>>>>>
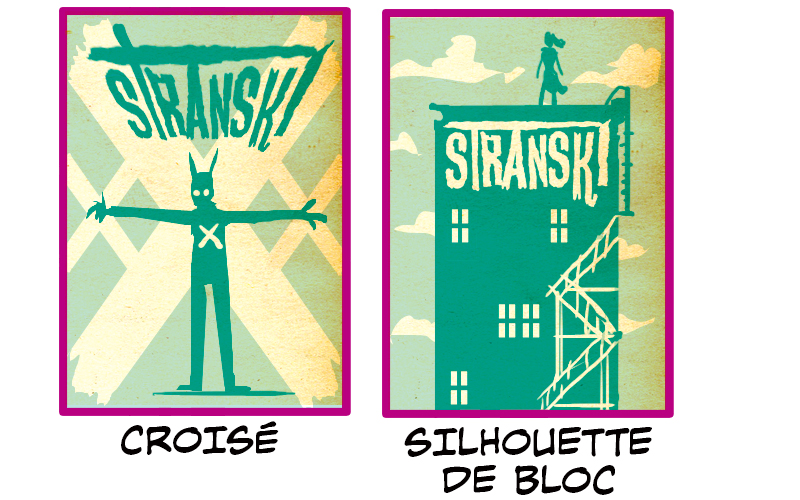 Les effets Croisé et Silhouette de bloc sont des exemples de compositions de silhouette simplifiées. L’effet Croisé a un élément abstrait (une croix) qui fait écho à la fois à l’arrière-plan de la couverture et à la pose de la figure centrale. C’est un symbole assez vague qui peut être appliqué à de nombreux éléments d’une histoire, en particulier lorsqu’un personnage est à la croisée des chemins. Notez que le logo est également étiré pour s’adapter aux angles de l’élément transversal. La Silhouette de bloc montre une composition à laquelle de nombreux créateurs de couvertures de bandes dessinées ne sont pas étrangers, la silhouette sombre au sommet d’un bâtiment. Encore une fois, notez comment le logo est intégré dans la conception de la couverture et aide à équilibrer et à compléter la composition globale.
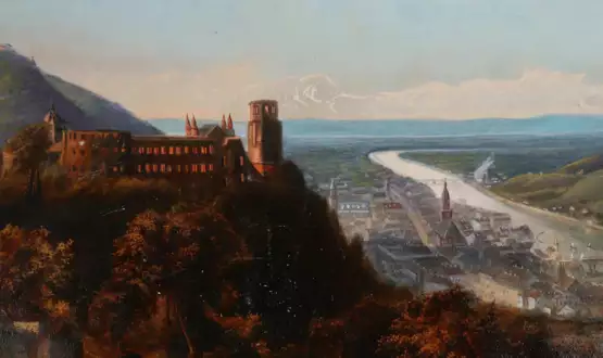 (1859 Kassel - Heidelberg 1933). zugeschrieben. Ansicht auf Schloss und Stadt. Öl und Aquarell auf Papier. schwarz umrandet. Bildgr. 35 x 53 cm. - Dekoratives Blatt. -
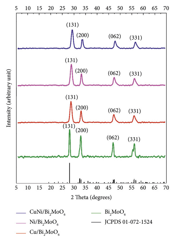 XRD patterns of fabricated materials are shown in Figure 1. The orthorhombic geometry of Bi2MoO6 is represented by sharp peaks in the diffraction pattern at 28.11°, 32.98°, 46.96°, and 56.11°, which are related to (131), (200), (062), and (331) crystallographic planes, respectively. These results are consistent with JCPDS card number 01‐072‐1524 and previous reports [16]. No diffraction peak appeared due to transition metal ions or any other impurity which confirms that same geometry is present in all the samples, and it also indicates that all the dopant may have entered into the lattice.
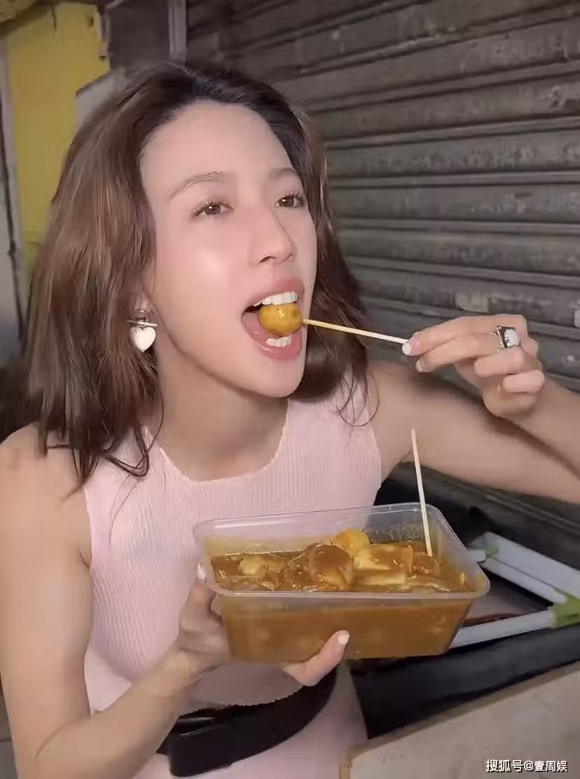 TVB視後蔡思貝吃路邊攤,打扮清涼笑容迷人,大口吃魚蛋接地氣
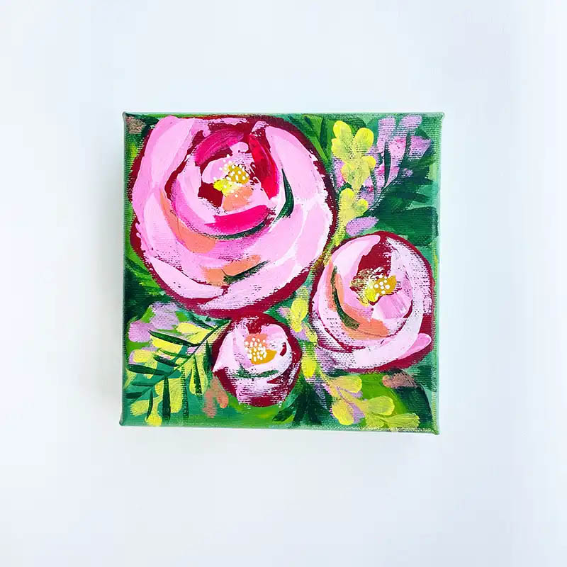 Maleri Pink roses er et minimaleri med nydelige rosa og grønt blomstermotiv. Maleri Pink roses er Malt med akryl på lerret. Koselig liten gave til en du er glad i, eller som en fargeklatt på hjemmekontoret. Perfekt i bildecollager på grunn av den lille størrelsen.
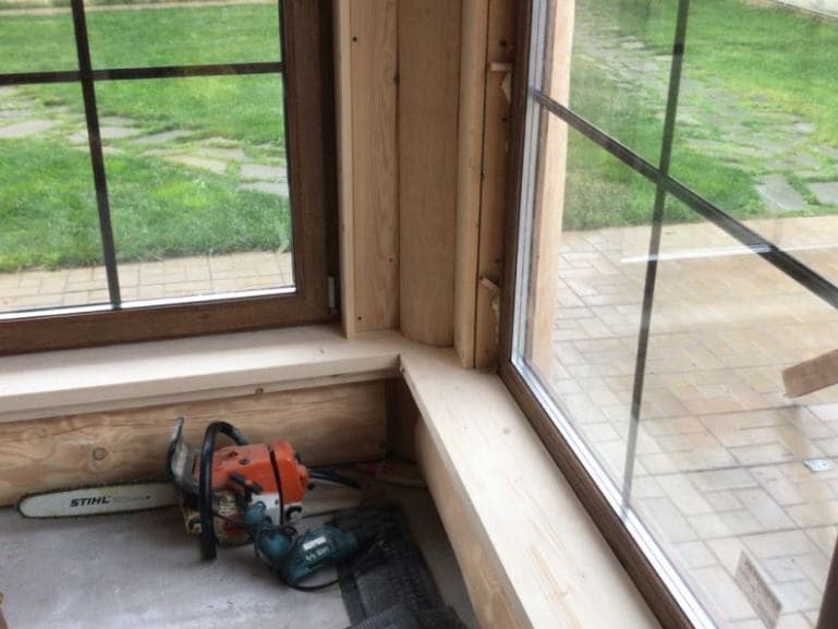 Изготовление каркаса, монтаж и отделка окон на веранде в срубе
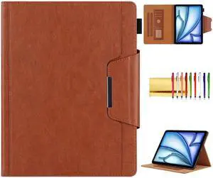 Folio Case for iPad Air 11" M3 M2, Air 10.9", iPad Pro 11 2018-2022 - Techcircle PU Leather Stand Soft TPU Back Magnetic Smart Cover with Pencil Holder + Card Slots + Front Pocket, Brown
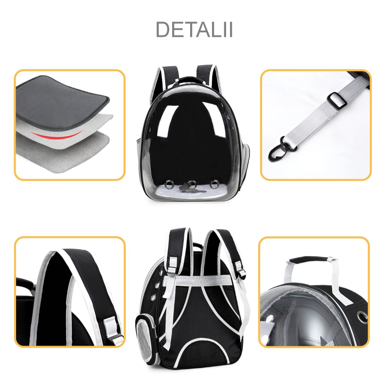 2. Designul transparent permite animalului de companie sa vada soarele si peisajul din exterior. Exista mai multe orificii de ventilatie pe lateralul rucsacului pentru a asigura o circulatie suficienta a aerului, permitand animalului sa respire confortabil.
<<<<<
**Exercise goal**
Retype the full listing above precisely. Exclude each picture you find in it.

**The completed task**
 Les effets Croisé et Silhouette de bloc sont des exemples de compositions de silhouette simplifiées. L’effet Croisé a un élément abstrait (une croix) qui fait écho à la fois à l’arrière-plan de la couverture et à la pose de la figure centrale. C’est un symbole assez vague qui peut être appliqué à de nombreux éléments d’une histoire, en particulier lorsqu’un personnage est à la croisée des chemins. Notez que le logo est également étiré pour s’adapter aux angles de l’élément transversal. La Silhouette de bloc montre une composition à laquelle de nombreux créateurs de couvertures de bandes dessinées ne sont pas étrangers, la silhouette sombre au sommet d’un bâtiment. Encore une fois, notez comment le logo est intégré dans la conception de la couverture et aide à équilibrer et à compléter la composition globale.
 (1859 Kassel - Heidelberg 1933). zugeschrieben. Ansicht auf Schloss und Stadt. Öl und Aquarell auf Papier. schwarz umrandet. Bildgr. 35 x 53 cm. - Dekoratives Blatt. -
 XRD patterns of fabricated materials are shown in Figure 1. The orthorhombic geometry of Bi2MoO6 is represented by sharp peaks in the diffraction pattern at 28.11°, 32.98°, 46.96°, and 56.11°, which are related to (131), (200), (062), and (331) crystallographic planes, respectively. These results are consistent with JCPDS card number 01‐072‐1524 and previous reports [16]. No diffraction peak appeared due to transition metal ions or any other impurity which confirms that same geometry is present in all the samples, and it also indicates that all the dopant may have entered into the lattice.
 TVB視後蔡思貝吃路邊攤,打扮清涼笑容迷人,大口吃魚蛋接地氣
 Maleri Pink roses er et minimaleri med nydelige rosa og grønt blomstermotiv. Maleri Pink roses er Malt med akryl på lerret. Koselig liten gave til en du er glad i, eller som en fargeklatt på hjemmekontoret. Perfekt i bildecollager på grunn av den lille størrelsen.
 Изготовление каркаса, монтаж и отделка окон на веранде в срубе
 Folio Case for iPad Air 11" M3 M2, Air 10.9", iPad Pro 11 2018-2022 - Techcircle PU Leather Stand Soft TPU Back Magnetic Smart Cover with Pencil Holder + Card Slots + Front Pocket, Brown
 2. Designul transparent permite animalului de companie sa vada soarele si peisajul din exterior. Exista mai multe orificii de ventilatie pe lateralul rucsacului pentru a asigura o circulatie suficienta a aerului, permitand animalului sa respire confortabil.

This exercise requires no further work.